Loudoun County Chair Phyllis J. Randall (D-At Large) and Board of Supervisors Vice Chairman Koran T. Saines (D-Sterling) have sent a letter to Washington Redskins owner Dan Snyder encouraging him to change the team’s name.
“Because you have been such an integral part of Loudoun, you are aware we are a welcoming community with residents from diverse backgrounds,” the letter reads. “We are proud that people of all races, ethnicities, differing abilities, religious beliefs and socio-economic backgrounds call Loudoun home. With that in mind, we were pleased to hear that you are reviewing the name of your football team and are in support of changing the team name.”
After long saying he would “never” change the Redskins name, Snyder issued a statement last week that the team is considering a name change. The organization has faced criticism about the name for years. The word “redskin” is slang for a Native American and is now usually considered pejorative or offensive.
The push for a name change has strengthened this week with team marketing partners joining the chorus of critics, and national retailers have dropped the team’s merchandise from their inventory.
Although they are named for Washington, DC and play at FedExField in Prince Georges County, MD, the Redskins are a Loudoun business, headquartered in Ashburn atInova Sports Performance Center at Redskins Park. They also have training facilities there.

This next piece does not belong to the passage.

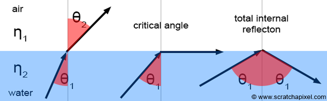\[\begin{array}{l} \eta = \dfrac{\eta_1}{\eta_2},\\ c_1 = \cos(\theta_1) = N \cdot I,\\ c_2 = \sqrt{1 - \left( \dfrac{n_1}{n_2} \right) ^2 \sin^2(\theta_1)} \rightarrow \sqrt{1 - \left( \dfrac{n_1}{n_2} \right) ^2 (1 - \cos^2(\theta_1))} \end{array}\]折射现象中还有一个需要我们注意的细节。在光线从IOR相对较低的介质到达IOR相对较高的介质的情况下,当入射角度大于某个被称为critical angle的临界值时,全部入射光线都会被反射,不存在任何折射。这种现象被称为total internal reflection。

Until recently, the Loudoun County had a marketing agreement with the Redskins, and in 2012 signed an incentive package to keep the team’s headquarters in Loudoun through 2020. The team first came to Loudoun in 1992.

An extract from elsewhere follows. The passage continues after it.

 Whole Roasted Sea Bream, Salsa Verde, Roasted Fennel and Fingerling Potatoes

Although only Randall and Saines signed the letter, they garnered support on Tuesday from the 6-3 Democratic majority on the Board of Supervisors for it.

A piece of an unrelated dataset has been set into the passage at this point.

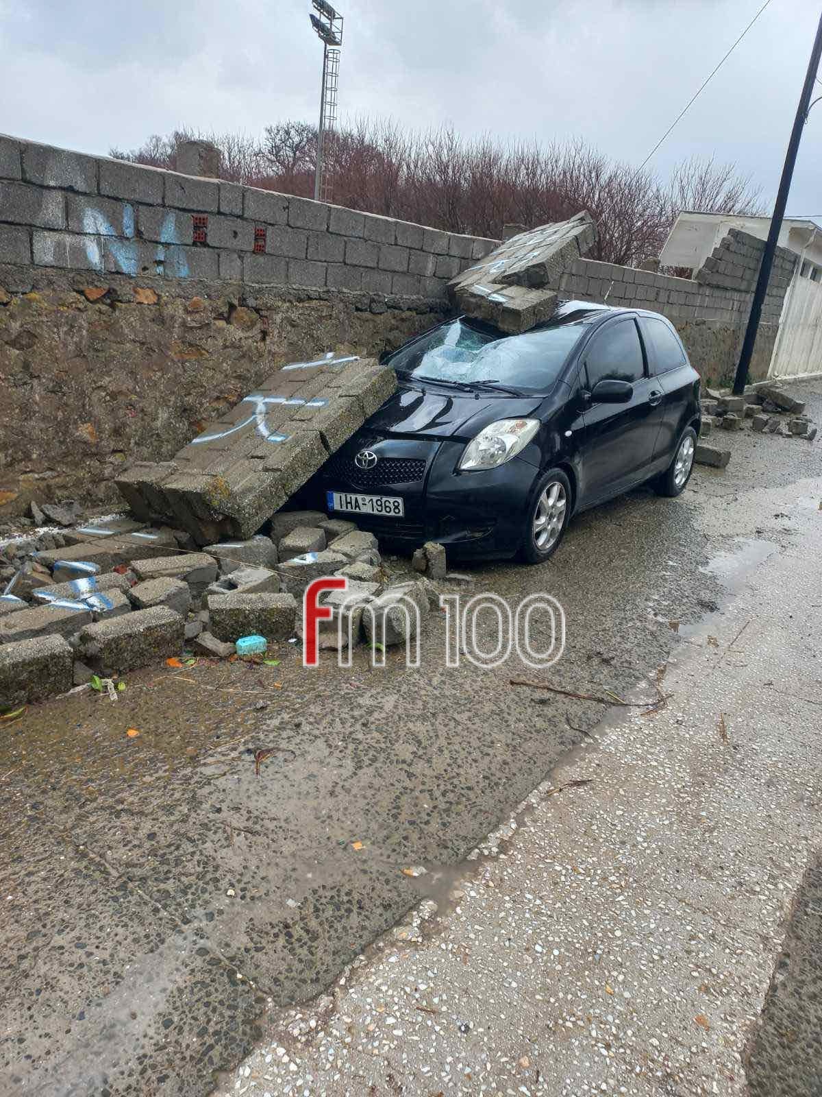 Επίσης, δύο οχήματα καταπλακώθηκαν από πτώση τοιχίο του γηπέδου Ατσικής, ενώ η πυροσβεστική δέχτηκε κλήση και για απάντληση υδάτων από υπόγειο σπιτιού στην περιοχή Παναγία του Τσας.

“I think that the Board of Supervisors has a responsibility to speak out when we believe things are happening that are incorrect,” Ranall said. “I also think that the Washington team is—if you’ve ever gone to their park or met their players or know what they do in our schools, they do great, great work in our community. They are very involved in our community, you see them around and every day, they’ve given to the schools, they give to nonprofits, they’re really, really involved. It is actually a disservice to the members of the team for them to have this name.”
Saines encouraged the team to follow the example of Florida State University, which has maintained a partnership with the Seminole tribe from which it takes its mascot’s name. The tribe has expressed formal support for the use of their name for the mascot.
Supervisor Juli E. Briskman (D-Algonkian) said, “I cringe every time I see the cultural appropriation imagery.”
“As America continues its reckoning on race, steps such as this will show that change is possible, and will be demanded, actually,” Briskman said.
But some supervisors said the county board should not involve itself in the issue.
“This is a private matter, this is an entity that has already declared that they’re going to be looking into it themselves,” said Supervisor Caleb A. Kershner (R-Catoctin). “It’s something that I think is largely political, and I don’t ‘think it helps the citizens of Loudoun.”
“Whether it’s offensive to me or not, I don’t think that the Board of Supervisors as a whole should be involving itself in telling private business what their name should be,” said Supervisor Tony R. Buffington (R-Blue Ridge).
“I typically have two tests with these sorts of things: is this in our purview, and is it going to make any difference,” said Supervisor Matthew F. Letourneau (R-Dulles). “And my conclusion on this one is no and no.”
He also said, “I have a concern when government begins to tell private organizations what they should and shouldn’t do when there is no stake, and there is no partnership, and there is not an agreement in place.”